LustreError: 20123:0:(filter.c:3688:filter_handle_precreate()) ASSERTION(diff >= 0) failed: lustre-OST0000: 1 - 33 = -32
LustreError: 20123:0:(filter.c:3688:filter_handle_precreate()) LBUG
Pid: 20123, comm: ll_ost_119

Call Trace:
[<ffffffffa069d855>] libcfs_debug_dumpstack+0x55/0x80 [libcfs]
[<ffffffffa069de95>] lbug_with_loc+0x75/0xe0 [libcfs]
[<ffffffffa0be7a0d>] filter_create+0x153d/0x1570 [obdfilter]
[<ffffffffa0805498>] ? lustre_msg_check_version+0xc8/0xe0 [ptlrpc]
[<ffffffff8126d016>] ? vsnprintf+0x2b6/0x5f0
[<ffffffffa0808310>] ? lustre_swab_ost_body+0x0/0x10 [ptlrpc]
[<ffffffffa0bb7278>] ost_handle+0x48c8/0x4b90 [ost]
[<ffffffffa06a85d1>] ? libcfs_debug_vmsg2+0x4d1/0xb50 [libcfs]
[<ffffffffa0803144>] ? lustre_msg_get_opc+0x94/0x100 [ptlrpc]
[<ffffffffa080588c>] ? lustre_msg_get_status+0x3c/0xa0 [ptlrpc]
[<ffffffffa0813d3e>] ptlrpc_main+0xb8e/0x1900 [ptlrpc]
[<ffffffff8100c1ca>] child_rip+0xa/0x20
[<ffffffffa08131b0>] ? ptlrpc_main+0x0/0x1900 [ptlrpc]
[<ffffffff8100c1c0>] ? child_rip+0x0/0x20

Kernel panic - not syncing: LBUG
Pid: 20123, comm: ll_ost_119 Tainted: G           ---------------- T 2.6.32-131.2.1.el6_lustre.x86_64 #1
Call Trace:
[<ffffffff814db1b8>] ? panic+0x78/0x143
[<ffffffffa069deeb>] ? lbug_with_loc+0xcb/0xe0 [libcfs]
[<ffffffffa0be7a0d>] ? filter_create+0x153d/0x1570 [obdfilter]
[<ffffffffa0805498>] ? lustre_msg_check_version+0xc8/0xe0 [ptlrpc]
[<ffffffff8126d016>] ? vsnprintf+0x2b6/0x5f0
[<ffffffffa0808310>] ? lustre_swab_ost_body+0x0/0x10 [ptlrpc]
[<ffffffffa0bb7278>] ? ost_handle+0x48c8/0x4b90 [ost]
[<ffffffffa06a85d1>] ? libcfs_debug_vmsg2+0x4d1/0xb50 [libcfs]
[<ffffffffa0803144>] ? lustre_msg_get_opc+0x94/0x100 [ptlrpc]
[<ffffffffa080588c>] ? lustre_msg_get_status+0x3c/0xa0 [ptlrpc]
[<ffffffffa0813d3e>] ? ptlrpc_main+0xb8e/0x1900 [ptlrpc]
[<ffffffff8100c1ca>] ? child_rip+0xa/0x20
[<ffffffffa08131b0>] ? ptlrpc_main+0x0/0x1900 [ptlrpc]
[<ffffffff8100c1c0>] ? child_rip+0x0/0x20

Maloo report: https://maloo.whamcloud.com/test_sets/39a9f35c-bc24-11e0-8bdf-52540025f9af

This is an known issue: bug 20324



 Comments   
Comment by Peter Jones [ 03/Aug/11 ]

Niu will look into this one

Comment by Niu Yawei (Inactive) [ 03/Aug/11 ]
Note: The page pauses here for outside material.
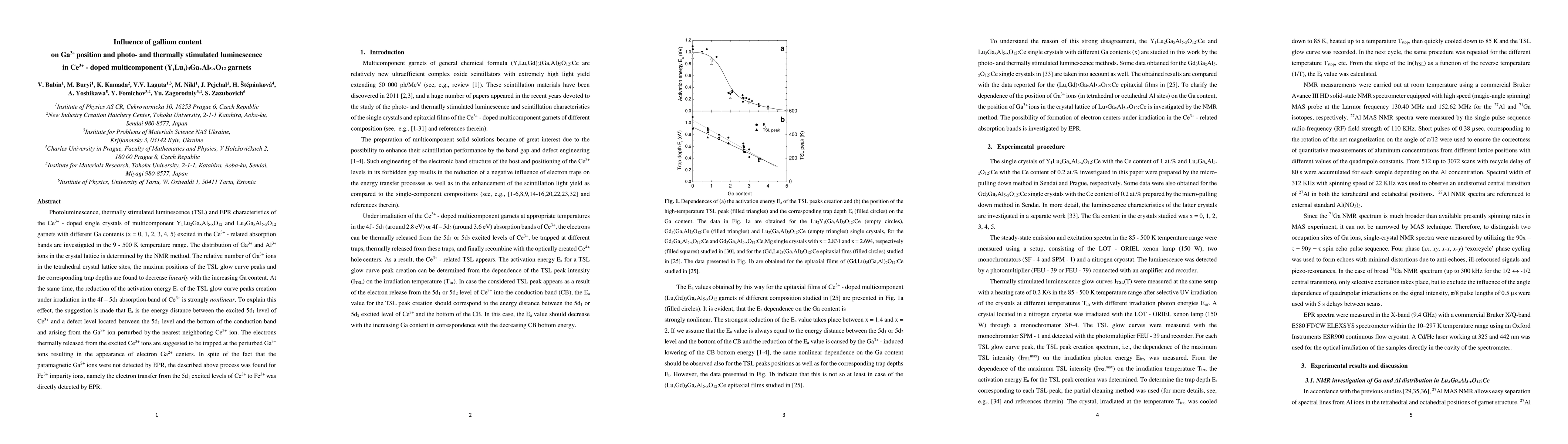 Photoluminescence, thermally stimulated luminescence (TSL) and EPR characteristics of the Ce3+ doped single crystals of multicomponent Y1Lu2GaxAl5-xO12 and Lu3GaxAl5-xO12 garnets with different Ga contents (x = 0, 1, 2, 3, 4, 5) excited in the Ce3+ - related absorption bands are investigated in the 9 - 500 K temperature range. The distribution of Ga3+ and Al3+ ions in the crystal lattice is determined by the NMR method. The relative number of Ga3+ ions in the tetrahedral crystal lattice sites, the maxima positions of the TSL glow curve peaks and the corresponding trap depths are found to decrease linearly with the increasing Ga content. At the same time, the reduction of the activation energy Ea of the TSL glow curve peaks creation under irradiation in the 4f - 4d1 absorption band of Ce3+ is strongly nonlinear. To explain this effect, the suggestion is made that Ea is the energy distance between the excited 5d1 level of Ce3+ and a defect level located between the 5d1 level and the bottom of the conduction band and arising from the Ga3+ ion perturbed by the nearest neighboring Ce3+ ion. The electrons thermally released from the excited Ce3+ ions are suggested to be trapped at the perturbed Ga3+ ions resulting in the appearance of electron Ga2+ centers. In spite of the fact that the paramagnetic Ga2+ ions were not detected by EPR, the described above process was found for Fe3+ impurity ions, namely the electron transfer from the 5d1 excited levels of Ce3+ to Fe3+ was directly detected by EPR.

I don't see why echo client can trigger pre-create on OST, and seems the debug log is missed in the maloo test result.

Hi, Yujian
Is this bug easy to reproduce? Is it possible to get the debug log with D_INODE enabled? I want to see if the group passed to OST is correct. Thank you.

Comment by Jian Yu [ 04/Aug/11 ]

Is this bug easy to reproduce? Is it possible to get the debug log with D_INODE enabled?
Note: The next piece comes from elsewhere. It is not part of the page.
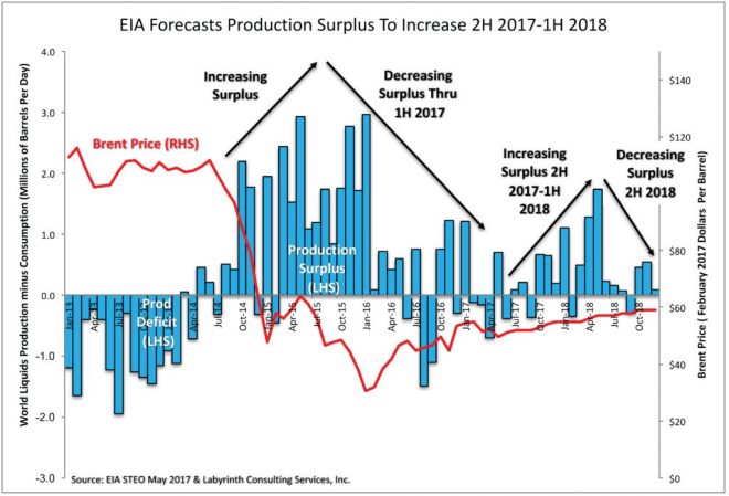 Если текущая ситуация кардинально не изменится, то для снижения объемов мировых запасов нефти до уровня, на котором нефть марки Brent будет торговаться за $65 за баррель, может понадобиться год. С другой стороны, Управление энергетической информации прогнозирует относительно небольшое сокращение запасов нефти в странах Организации экономического сотрудничества и развития в 2017 году и увеличение запасов в 2018 году.

Yes, the LBUG could be reproduced consistently.
Please take a look at this report which contains the debug logs gathered by running the test with "PTLDEBUG=-1":
https://maloo.whamcloud.com/test_sets/095c50b0-be4e-11e0-8bdf-52540025f9af

Comment by Niu Yawei (Inactive) [ 04/Aug/11 ]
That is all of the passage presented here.